Got stuck in a 3-hour traffic jam on the 405 in LA because someone’s Tesla was doing 12 mph in autopilot while the driver was FaceTiming — I honked exactly once and instantly became the villain

My name is Alex, I’m 32, and I commute in Los Angeles. If you’ve ever driven on the 405 freeway, you already know it’s basically a daily test of patience and emotional stability.

But yesterday’s drive home somehow managed to set a new personal record for frustration.

Around 5:30 p.m., I was heading north on the 405 after work. Traffic was heavy, which is normal for LA, but something felt unusually slow. Instead of the typical stop-and-go rhythm, everything had slowed to a crawl.

Like… barely moving.

At first I assumed there was an accident ahead.

But after about forty minutes of creeping forward, I realized we weren’t approaching any crash site or construction zone. Instead, the entire freeway seemed to be bottlenecking behind one particular car.

Eventually I got close enough to see what was happening.

At the front of the slow-moving line was a Tesla Model 3, crawling along at roughly 12 mph.

The car wasn’t accelerating, wasn’t merging, and wasn’t reacting to the wide open space ahead of it.

Just slowly rolling down the freeway like it was sightseeing.

When I finally got into the lane next to it, I glanced over at the driver.

He wasn’t even looking at the road.

He was holding his phone up and FaceTiming someone.

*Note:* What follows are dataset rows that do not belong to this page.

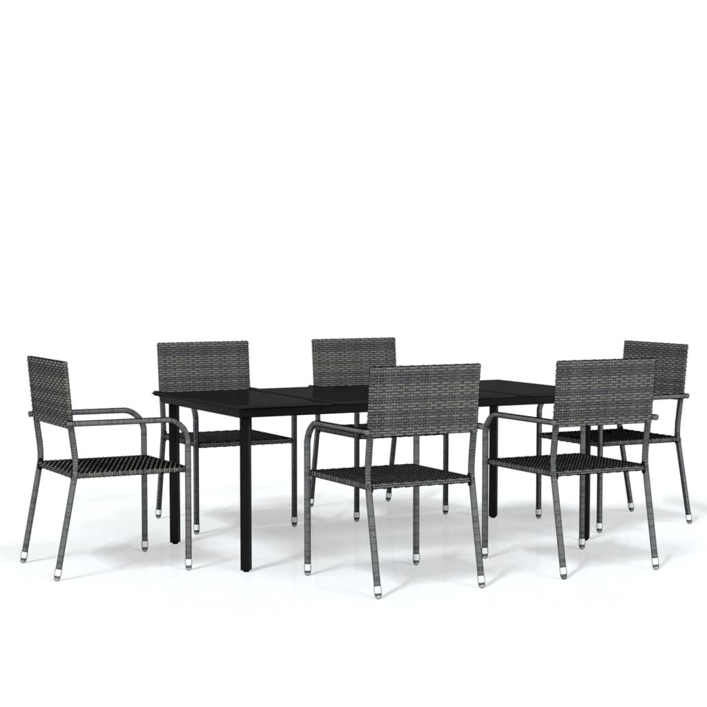 Enjoy a nice meal or afternoon tea in your outdoor space with this garden dining set! Featuring an elegant design, it will become the focal point of your garden and patio! The practical outdoor dining set has a steel frame, making it strong and sturdy. The garden chairs are made of water-resistant and maintenance-free PE rattan, making them perfect for outdoor use. Meanwhile, these outdoor chairs are lightweight and can be stacked to save space when not in use. In addition, the smooth glass tabletop is easy to clean with a damp cloth and excellent for placing meals, drinks and other decorative items. Note: In order to extend the life of your outdoor furniture, we recommend you to clean it regularly and do not leave it outdoors without protection unnecessarily.Clean: Use a mild soap solution.Storing: If possible, store in a cool, dry place indoors. If the product is stored outdoors, protect it with a waterproof cover. Wipe and dry the excess water or snow from flat surfaces after a rain or snowfall. Allow sufficient air circulation to avoid moisture-related damage.
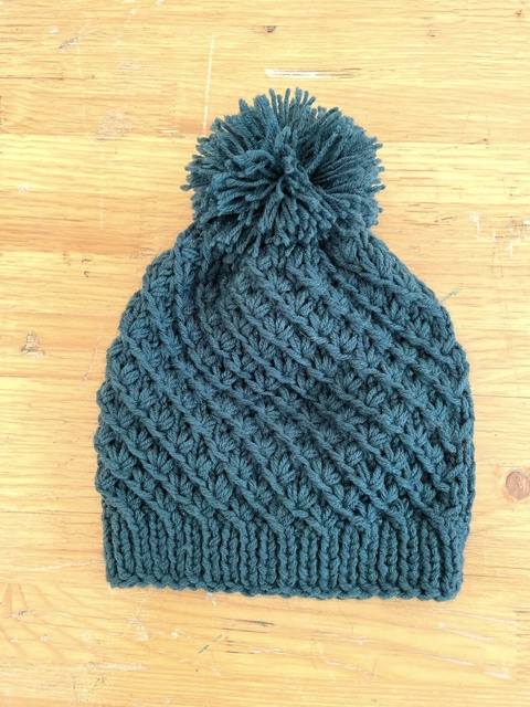Caciula tricotata manual, turcoaz inchis, marime adult
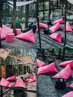 The pink sofa is matched with a black oil barrel. The contrasting color design is very eye-catching. Behind it are green trees and sunshine, which makes you feel relaxed.
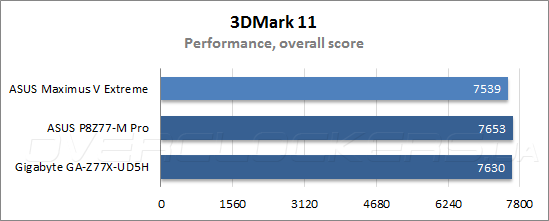 Тестирование бенчмарком Futuremark 3DMark 11 дает представление о производительности материнских плат в современных 3D-играх, использующих API DirectX 11 и активно использующих расчеты физики. Мы используем профиль Performance, который уменьшает влияние видеокарты на общий балл.
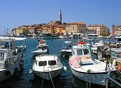 The town of Rovinj contains coastal areas with a number of small bays hidden within dense vegetation, open to naturists. Although the beaches are not specified as naturist, naturists frequent them.[24] The interior is green and wooded, with small stone towns on hills, such as Motovun. On the other side of the river lies Motovun forest, an area of about 10 square kilometres in the valley of the river Mirna, of which 280 hectares (2.8 km2) are specially protected. This area differs not only from the nearby forests, but also from those of the entire surrounding karst region because of its wildlife, moist soil, and truffles (Tuber magnatum) that grow there. Since 1999, Motovun has hosted the international Motovun Film Festival for independent films from the U.S. and Europe.[25] Grožnjan, another hill town, hosts a three-week jazz festival every July.
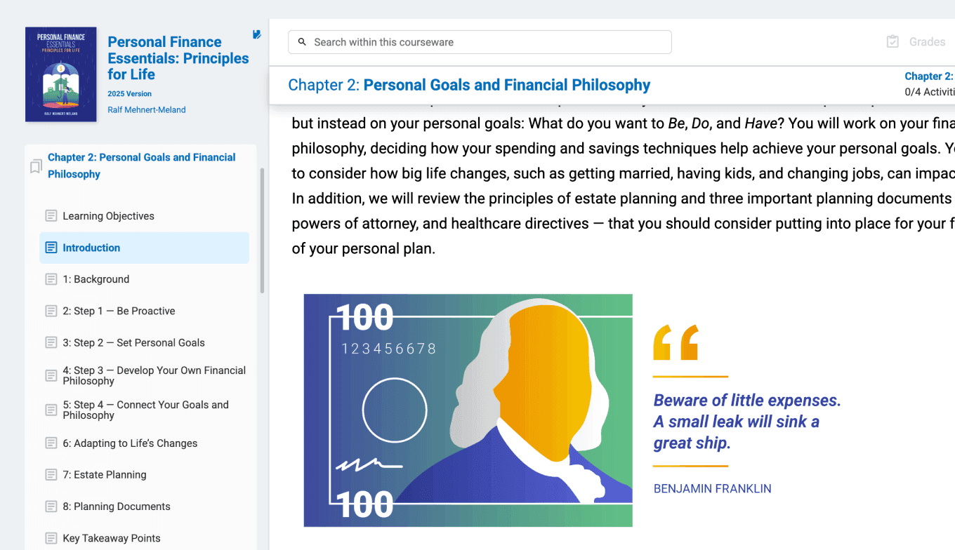 The “Personal Finance Essentials” courseware introduces students to the foundational skills necessary for managing money with confidence. Each chapter focuses on a key area of personal finance, including budgeting, saving, credit, banking, insurance, and investing, and provides students with practical strategies they can apply in everyday life.
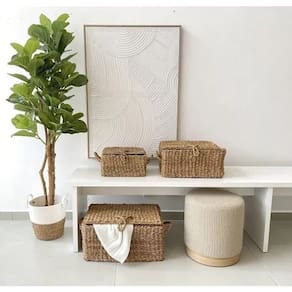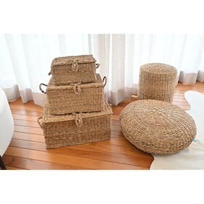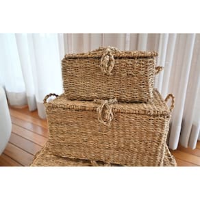 Cestos Seagrass Jolitex – Feitos à mão em fibras naturais, unem praticidade e beleza na organização. Leves, resistentes e com alças reforçadas, são ideais para guardar roupas, brinquedos ou objetos, deixando qualquer ambiente mais charmoso e funcional.
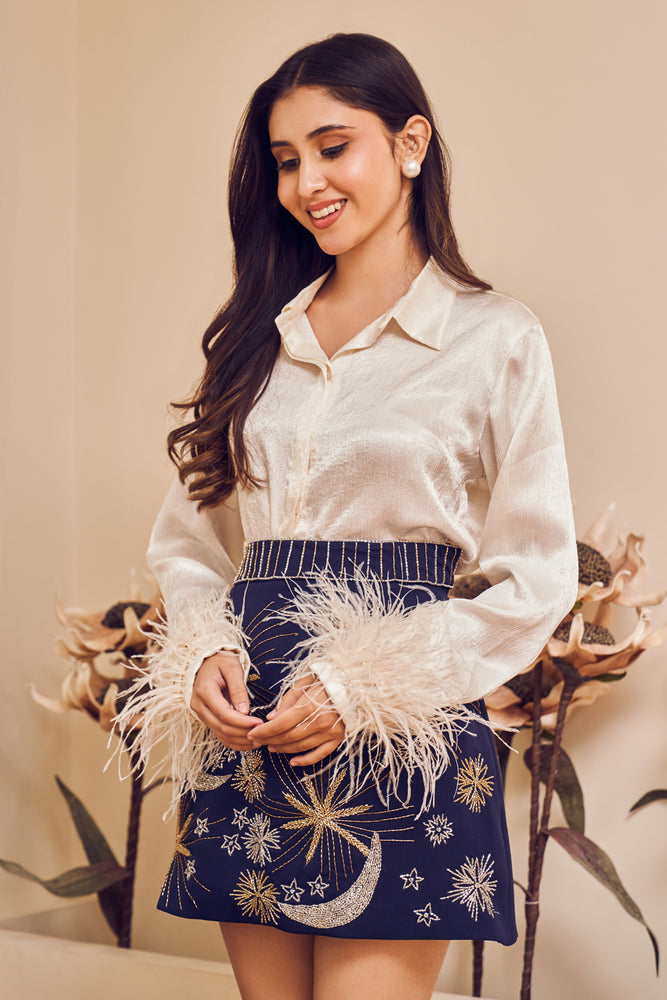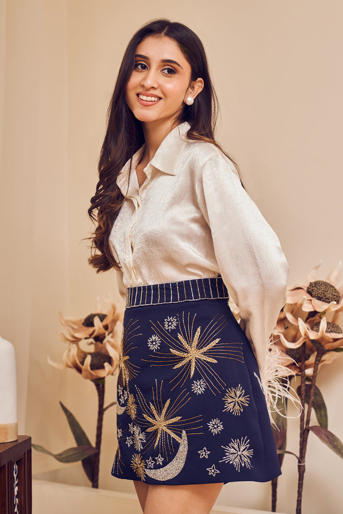 The star of the collection - our Remi Skirt, literally! A night sky on our skirt the twinkle on it is equal to the stars in our night sky!- Delivery time within India - 10-15 business days.
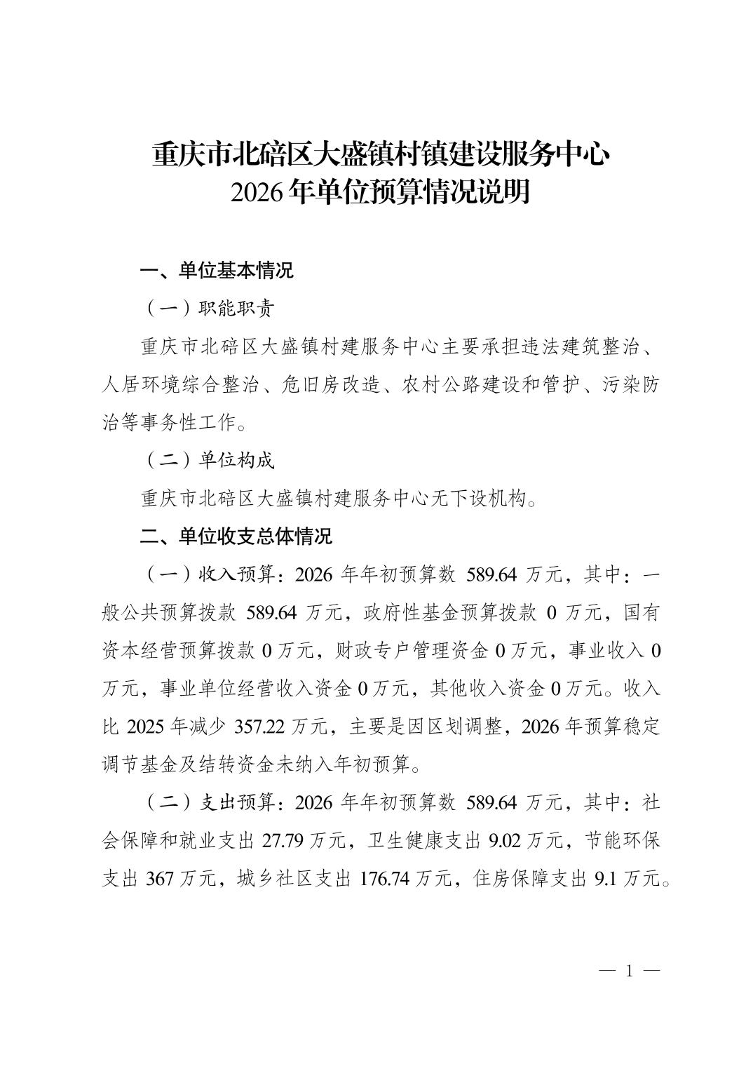 重庆市北碚区大盛镇村镇建设服务中心2026年单位预算情况说明
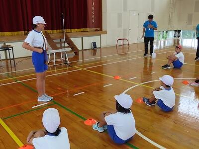 今回は、雨で運動場が使用できないので、体育館での練習に切り替えました。
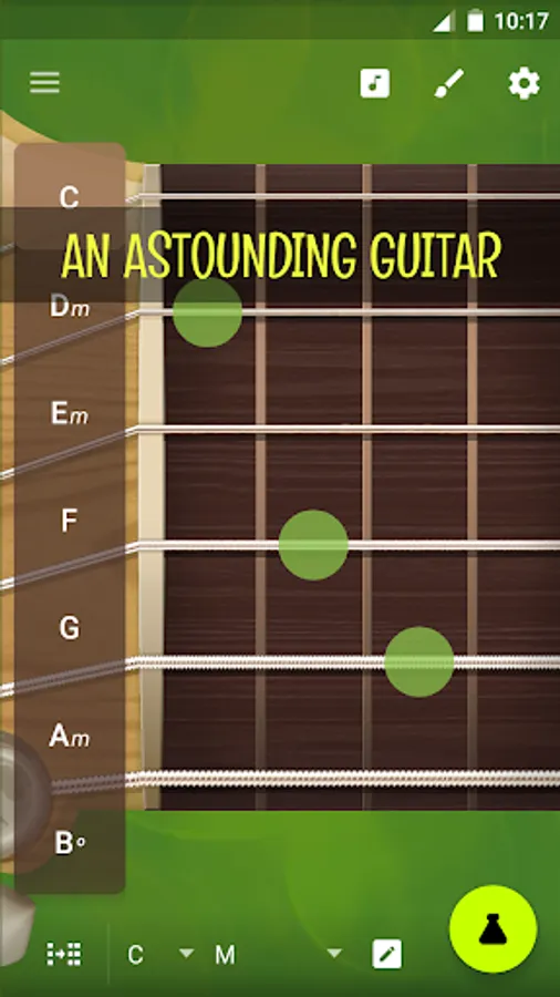 Choose a chord without having to learn finger positions and just hit the strings. You'll enjoy realistic visual effects and high fidelity sound. You can strum, play arpeggios or any other desired technique. You can play licks as well.
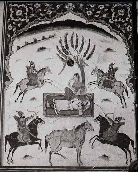 Photograph of a fresco illustrating Mirza being killed by Sahiba’s brothers (Mirza Sahiban folktale) at Palkiana Sahib near Tarn Taran, taken in 1971.
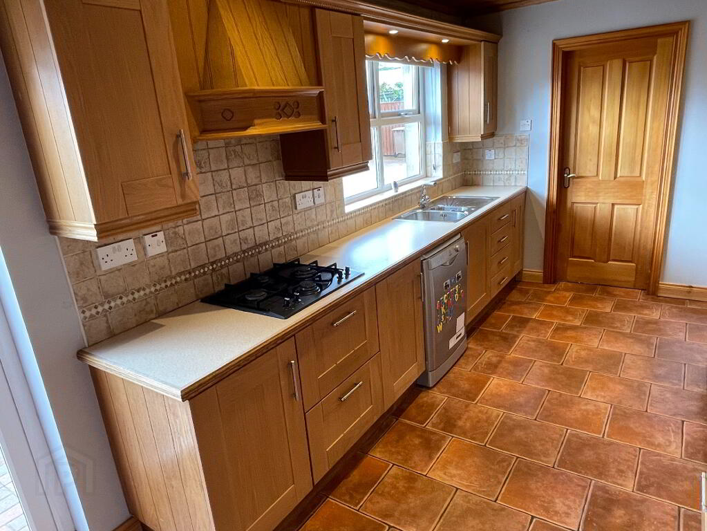 Centre light, extractor fan, single radiator, UPVC ½ glazed external door, tiled floor, partly wall tiled, central heating control, oak style storage units, stainless steel sink, 1 double power point, space for tumble dryer, plumbed for washing machine.
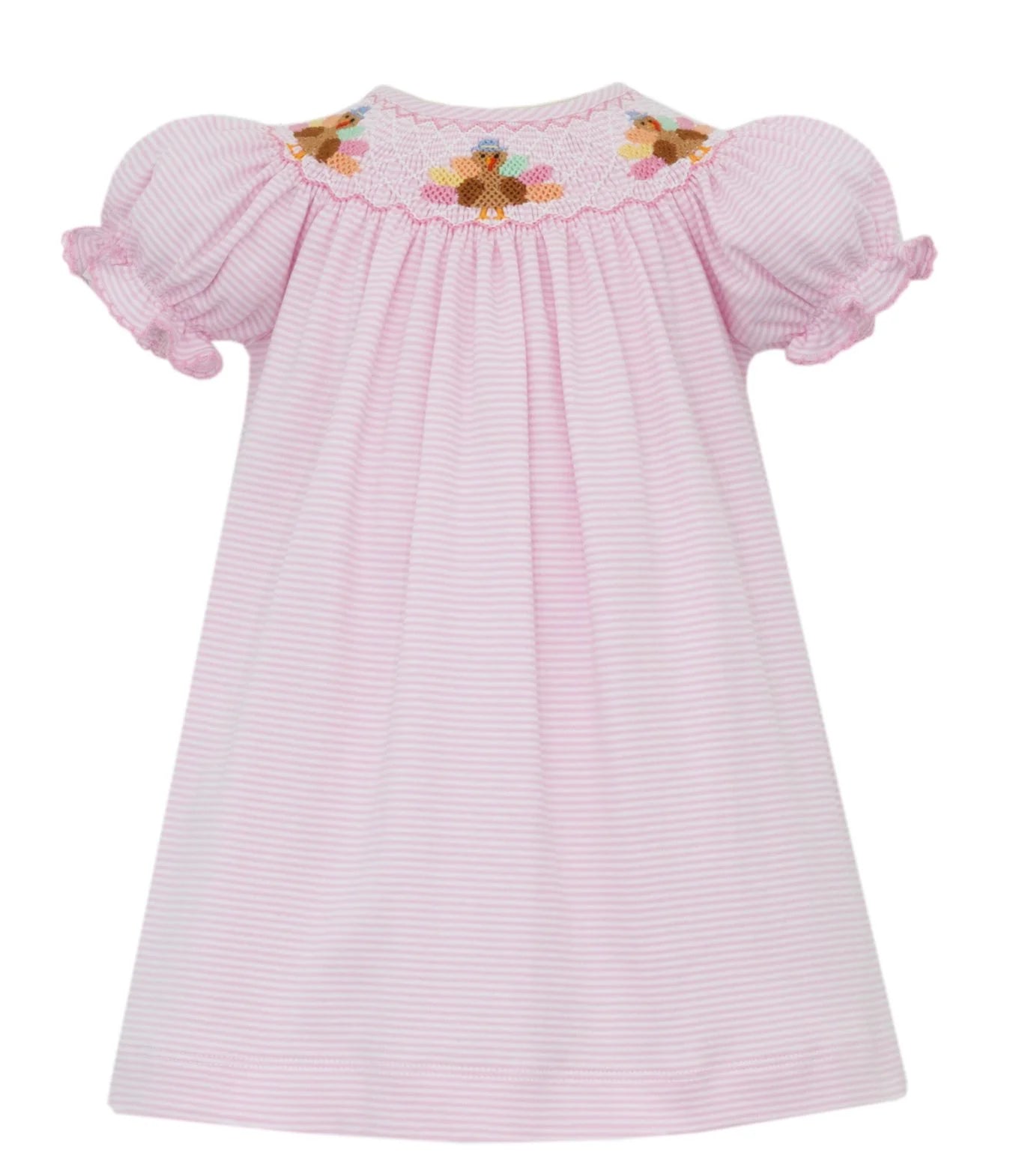 Get ready for fall in the Turkey Pink Stripe Knit Bishop Dress by Petit Bebe. Three smocked turkeys adorn this soft knit dress.
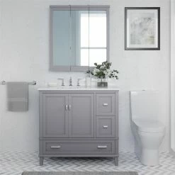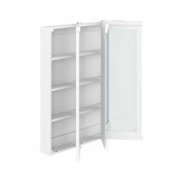 - Enjoy the view: 3 tri-view hinged mirrored doors with fully backed panels let you easily open and close your cabinet while giving you a clear wide view from all angles to help you get ready in the morning
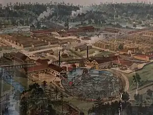 The town was planned by a company architect/engineer with a main street that had the company store, a hospital, hotel and other commercial buildings, surrounded by large lawns and decorative landscaping. Residential streets were laid out for up to 1000 houses. Just outside of town were a railway roundhouse, blacksmith and other machine shops. Between the town and the mills on the east was an 80 acres (32 ha) lumberyard.[3] The headquarters building was the town's financial center where employees were paid monthly on the tenth. It had a vault and teller booth.[lower-alpha 2][5]
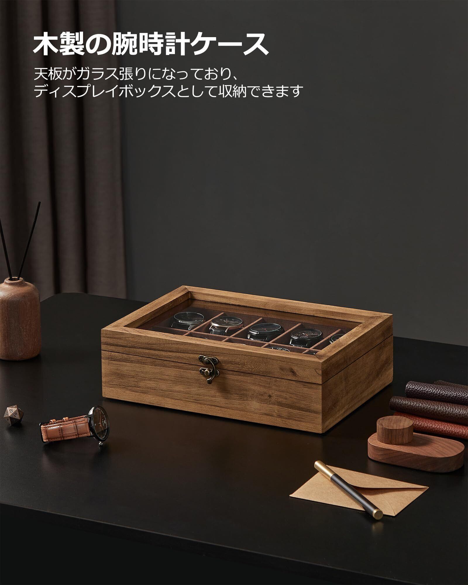 この【SONGMICS 時計ケース】は、10本の腕時計を収納できる贅沢なデザインが特徴です。高級感のある木製素材と透明な窓が組み合わさり、お部屋のインテリアとしても最適です。あなたのコレクションをスタイリッシュに展示し、管理することができます。
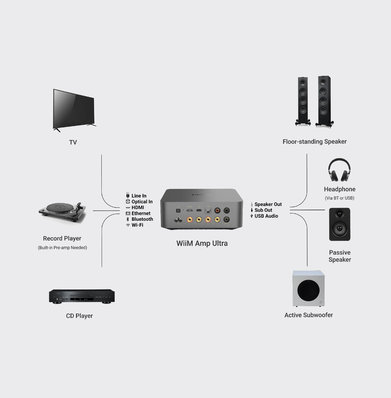Verbinde deinen Fernseher über HDMI ARC, schließe einen Plattenspieler über den analogen Eingang an (mit externem Phono-Vorverstärker) oder streame kabellos über Wi-Fi 6, Bluetooth 5.3, Spotify Connect, TIDAL Connect, Chromecast Audio und mehr. Der Amp Ultra ist sogar Roon Ready (Zertifizierung steht noch aus) und unterstützt Multiroom-Audio über Google Home, Alexa oder das WiiM-eigene Ökosystem.

The Tesla was clearly running on autopilot while he chatted away like he was sitting on his couch instead of controlling a two-ton vehicle in rush hour traffic.

Meanwhile hundreds of cars behind him were stacking up.

Drivers were swerving around, trying to get past, and the traffic jam kept growing.

I tried to be patient.

Really, I did.

But after three hours of this nonsense and finally pulling up behind him again at another slowdown, I tapped my horn.

Not an aggressive blast.

Just a quick beep.

Apparently that was a mistake.

The Tesla driver immediately looked into his rearview mirror, rolled down his window, and gave me a dramatic shrug like I was the unreasonable one.

Then the car next to me rolled down their window too and yelled, “Relax, dude!”

Suddenly I was the villain for acknowledging the obvious problem.

The Tesla continued its scenic 12 mph tour down the freeway while the rest of us crawled behind it like a parade nobody signed up for.

Eventually I managed to exit and take side streets, but by that point the entire commute had taken over three hours.

So now I’ve learned an important lesson about driving in Los Angeles:

You can block an entire freeway with autopilot and FaceTime…

But if you honk once, you’re the problem.